• **What you should do**: Retype the line where "ante los adjudicatarios." appears and each line that follows it down to the last line of the records below. Leave the pictures out.
··· The input ···
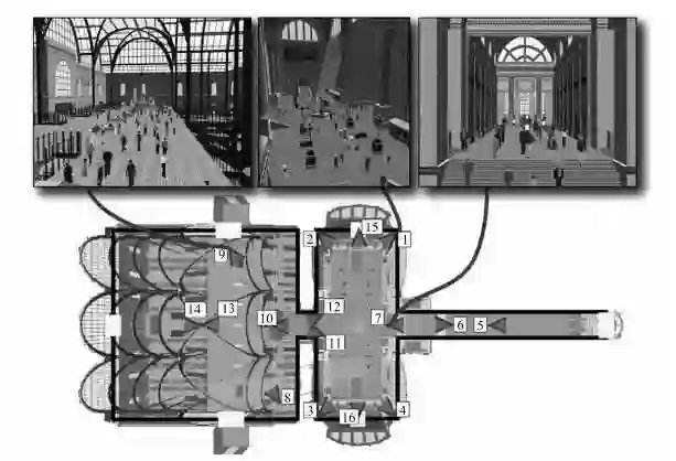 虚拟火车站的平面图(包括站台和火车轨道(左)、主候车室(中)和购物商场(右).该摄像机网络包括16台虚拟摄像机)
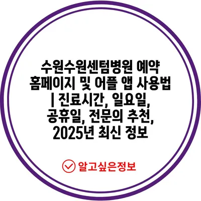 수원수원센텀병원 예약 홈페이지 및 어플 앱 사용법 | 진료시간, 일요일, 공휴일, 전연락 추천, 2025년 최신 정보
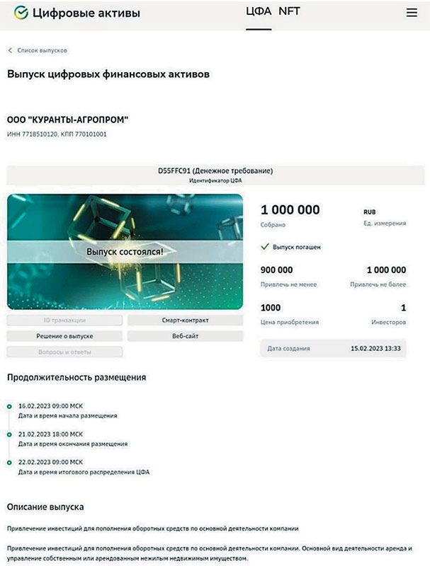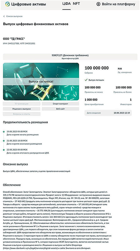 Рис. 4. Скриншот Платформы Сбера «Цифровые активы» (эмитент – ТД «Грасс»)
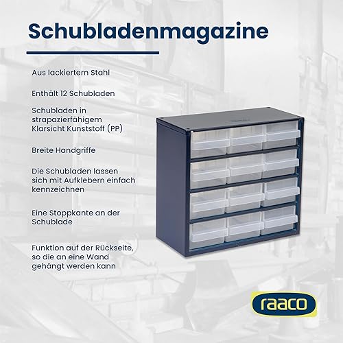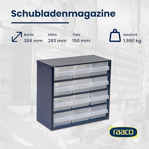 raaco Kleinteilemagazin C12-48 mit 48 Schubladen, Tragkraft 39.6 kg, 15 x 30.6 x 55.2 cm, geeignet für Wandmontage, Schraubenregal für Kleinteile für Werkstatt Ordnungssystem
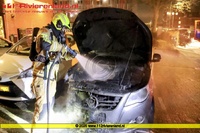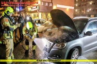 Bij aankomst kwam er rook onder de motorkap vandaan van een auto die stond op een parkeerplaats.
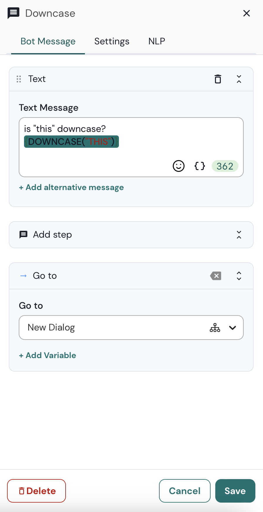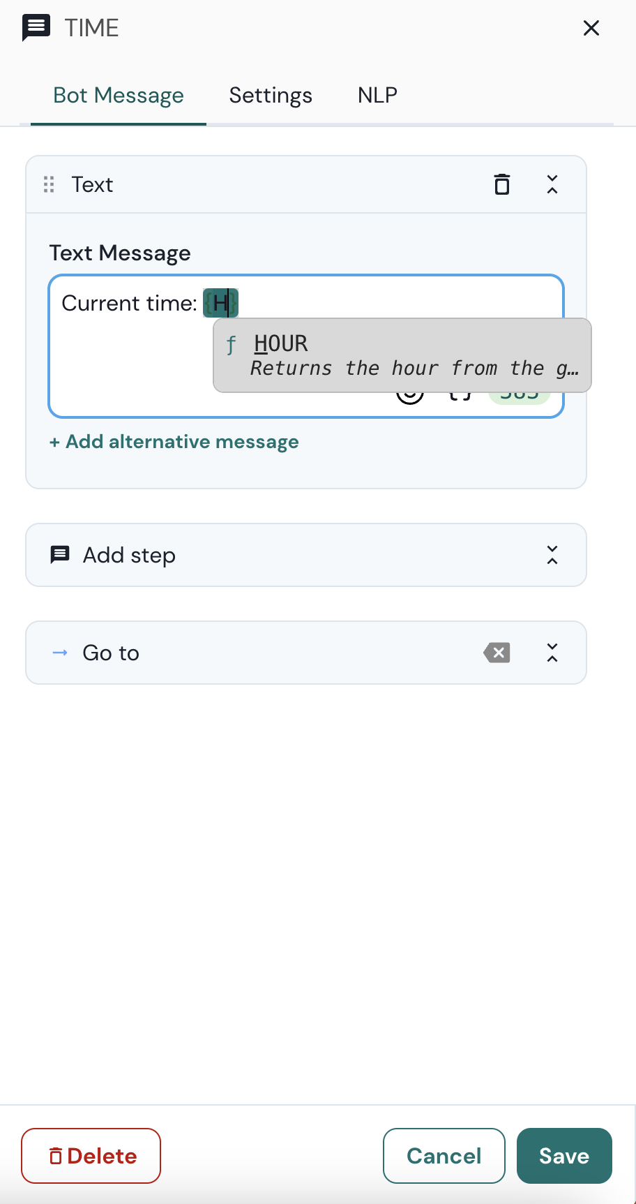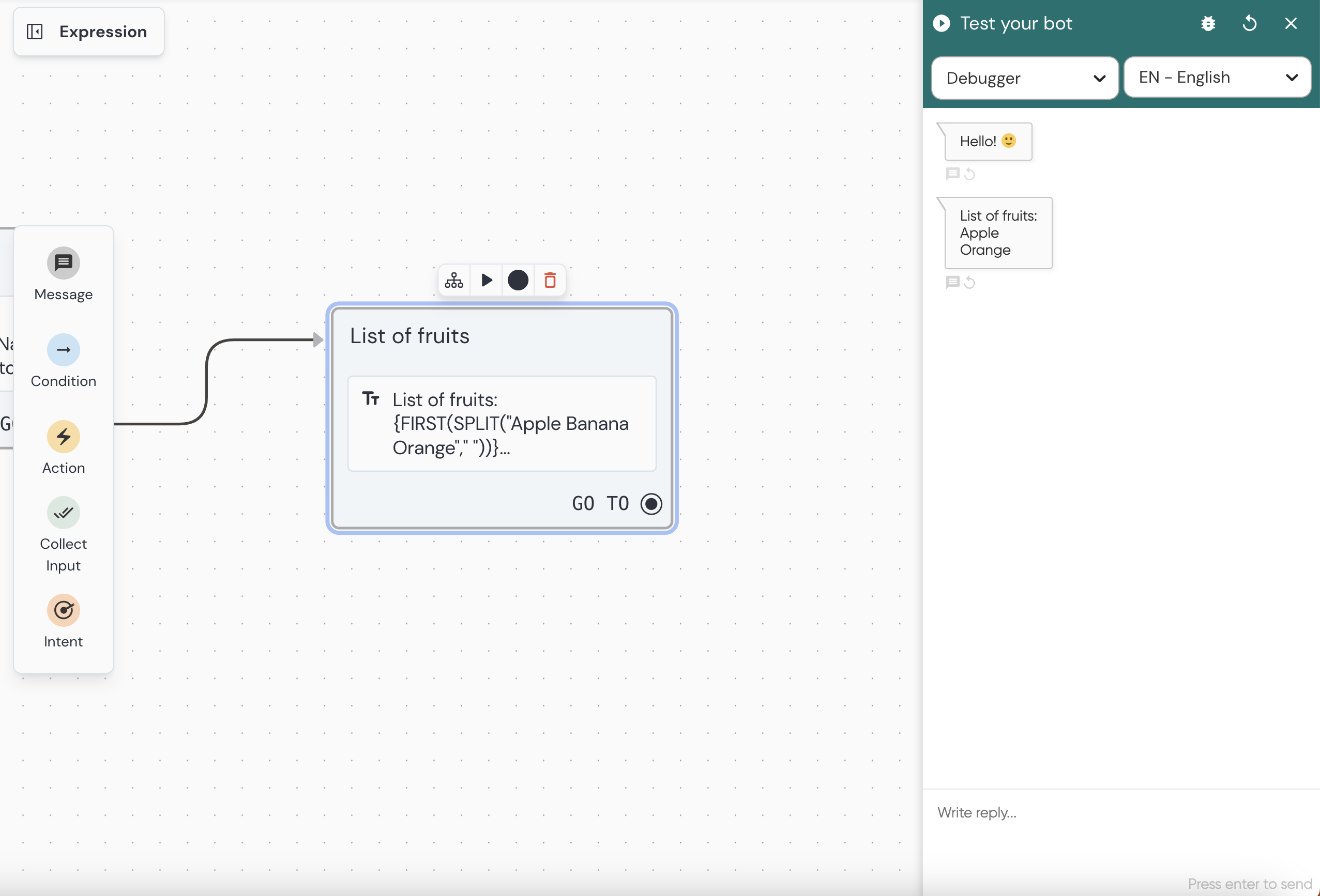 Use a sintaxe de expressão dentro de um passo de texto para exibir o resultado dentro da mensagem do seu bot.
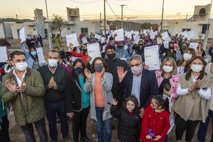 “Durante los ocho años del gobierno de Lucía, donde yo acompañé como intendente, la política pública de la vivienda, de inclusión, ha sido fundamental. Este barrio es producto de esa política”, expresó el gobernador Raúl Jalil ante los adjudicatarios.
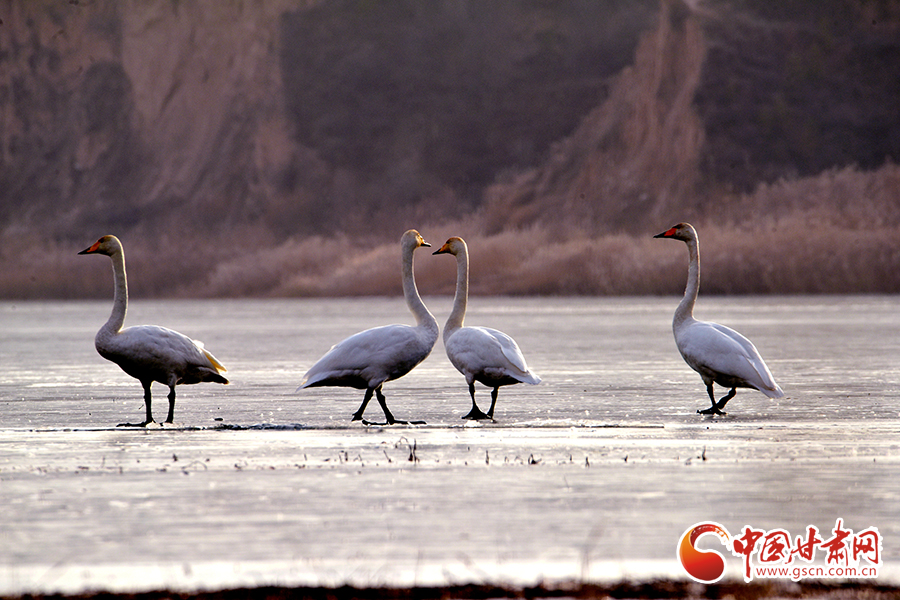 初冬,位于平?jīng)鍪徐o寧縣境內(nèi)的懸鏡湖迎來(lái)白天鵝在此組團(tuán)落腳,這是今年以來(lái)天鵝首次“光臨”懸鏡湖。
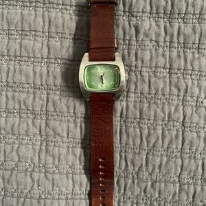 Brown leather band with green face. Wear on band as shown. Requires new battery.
···
• **Task response**:
 “Durante los ocho años del gobierno de Lucía, donde yo acompañé como intendente, la política pública de la vivienda, de inclusión, ha sido fundamental. Este barrio es producto de esa política”, expresó el gobernador Raúl Jalil ante los adjudicatarios.
 初冬,位于平?jīng)鍪徐o寧縣境內(nèi)的懸鏡湖迎來(lái)白天鵝在此組團(tuán)落腳,這是今年以來(lái)天鵝首次“光臨”懸鏡湖。
 Brown leather band with green face. Wear on band as shown. Requires new battery.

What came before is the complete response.